» AIM OF THE EXERCISE
Beginning with the line that has "Bursa Muhtarlar Korosu’nun, 19", write out each line down to the end of the records below exactly, and include no pictures.
=== Begin Enclosure ===
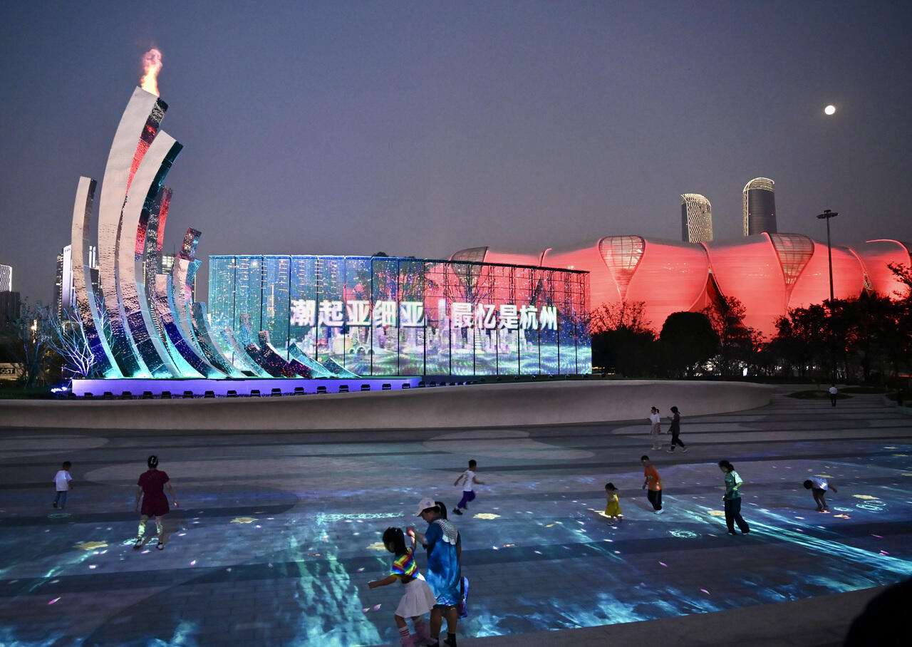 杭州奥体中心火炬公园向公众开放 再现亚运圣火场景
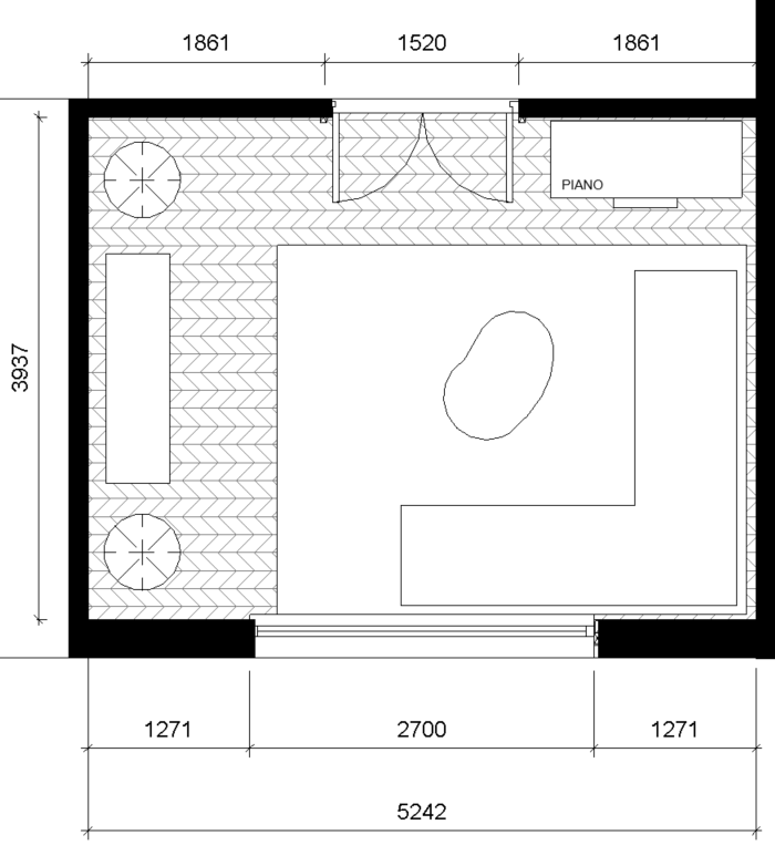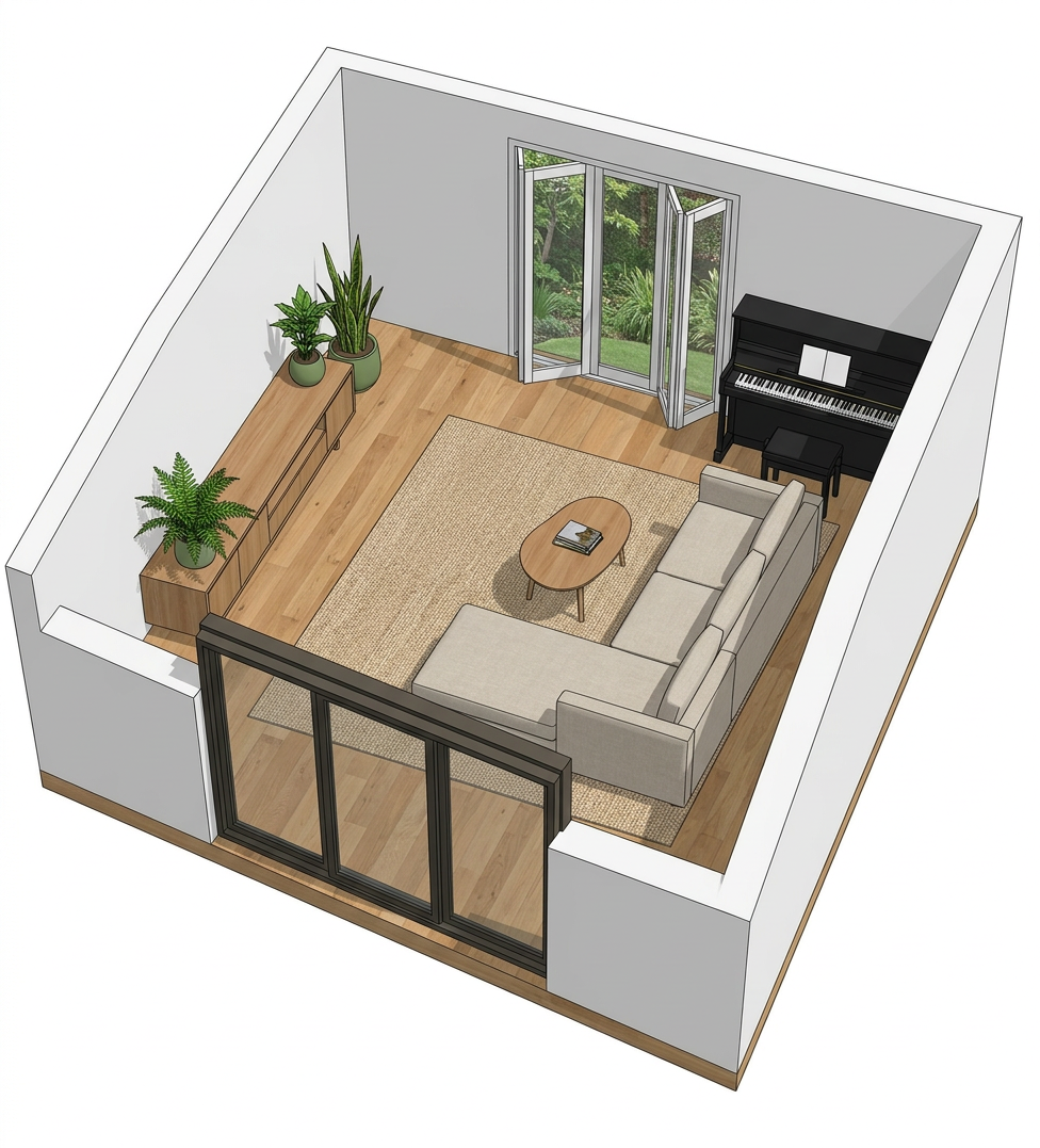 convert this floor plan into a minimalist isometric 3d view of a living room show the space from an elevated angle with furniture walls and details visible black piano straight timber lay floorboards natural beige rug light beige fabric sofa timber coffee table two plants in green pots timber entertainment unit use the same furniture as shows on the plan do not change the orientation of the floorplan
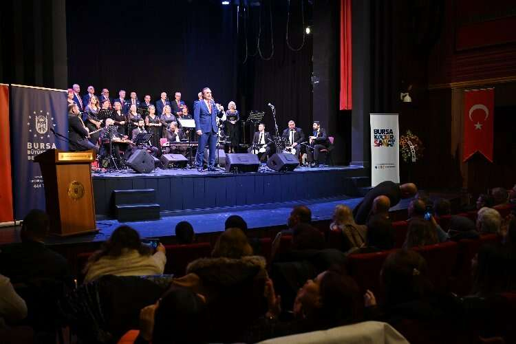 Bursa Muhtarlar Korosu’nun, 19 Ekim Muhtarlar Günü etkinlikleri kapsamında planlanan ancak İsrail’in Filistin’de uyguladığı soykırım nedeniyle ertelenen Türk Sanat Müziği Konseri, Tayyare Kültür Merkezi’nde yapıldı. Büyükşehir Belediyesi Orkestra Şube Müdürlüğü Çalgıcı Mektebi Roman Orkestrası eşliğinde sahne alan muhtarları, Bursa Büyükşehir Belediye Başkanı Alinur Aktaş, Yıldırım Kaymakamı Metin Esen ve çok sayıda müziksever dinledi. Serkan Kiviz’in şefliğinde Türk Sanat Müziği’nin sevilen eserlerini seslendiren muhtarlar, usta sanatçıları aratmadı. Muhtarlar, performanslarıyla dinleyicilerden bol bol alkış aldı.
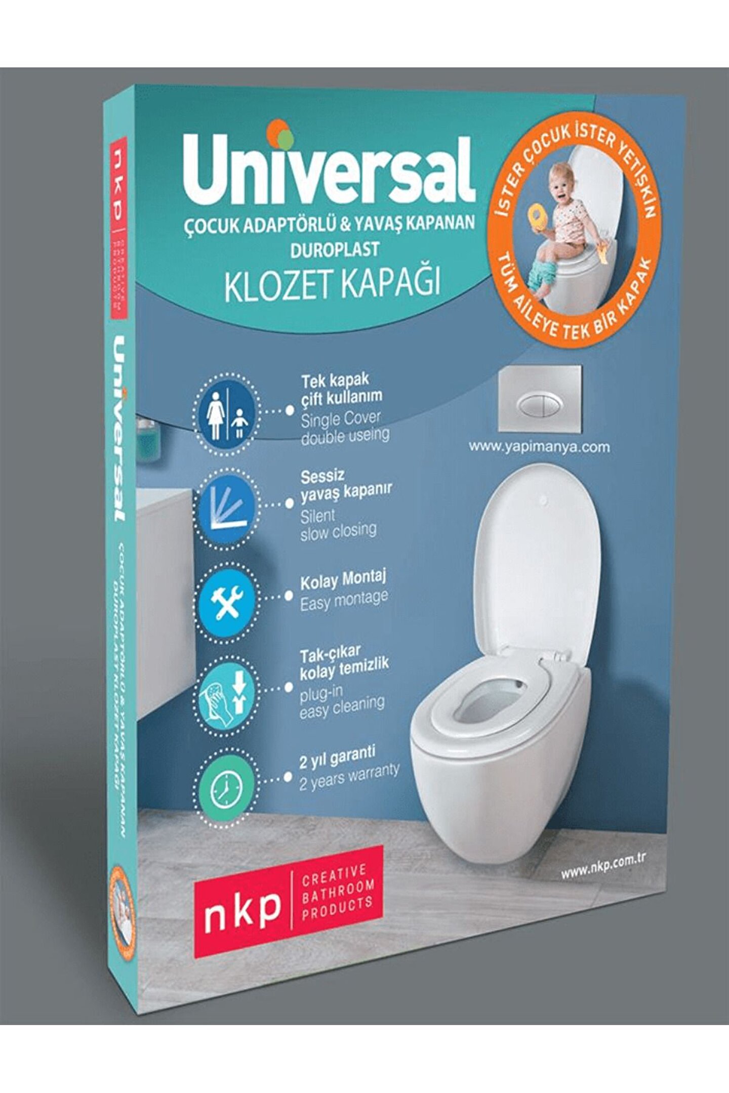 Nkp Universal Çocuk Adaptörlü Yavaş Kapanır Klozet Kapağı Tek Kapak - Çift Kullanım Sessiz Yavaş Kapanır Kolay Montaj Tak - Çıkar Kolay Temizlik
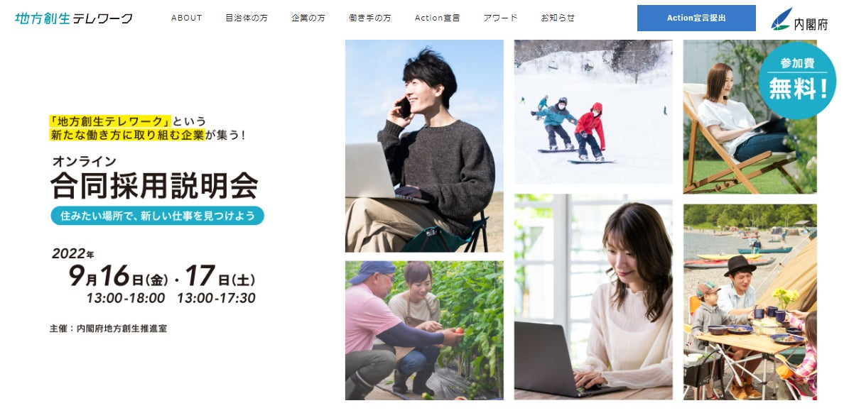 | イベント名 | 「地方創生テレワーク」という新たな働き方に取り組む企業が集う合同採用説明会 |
=== End Enclosure ===
» SOLUTION TO THIS TASK
 Bursa Muhtarlar Korosu’nun, 19 Ekim Muhtarlar Günü etkinlikleri kapsamında planlanan ancak İsrail’in Filistin’de uyguladığı soykırım nedeniyle ertelenen Türk Sanat Müziği Konseri, Tayyare Kültür Merkezi’nde yapıldı. Büyükşehir Belediyesi Orkestra Şube Müdürlüğü Çalgıcı Mektebi Roman Orkestrası eşliğinde sahne alan muhtarları, Bursa Büyükşehir Belediye Başkanı Alinur Aktaş, Yıldırım Kaymakamı Metin Esen ve çok sayıda müziksever dinledi. Serkan Kiviz’in şefliğinde Türk Sanat Müziği’nin sevilen eserlerini seslendiren muhtarlar, usta sanatçıları aratmadı. Muhtarlar, performanslarıyla dinleyicilerden bol bol alkış aldı.
 Nkp Universal Çocuk Adaptörlü Yavaş Kapanır Klozet Kapağı Tek Kapak - Çift Kullanım Sessiz Yavaş Kapanır Kolay Montaj Tak - Çıkar Kolay Temizlik
 | イベント名 | 「地方創生テレワーク」という新たな働き方に取り組む企業が集う合同採用説明会 |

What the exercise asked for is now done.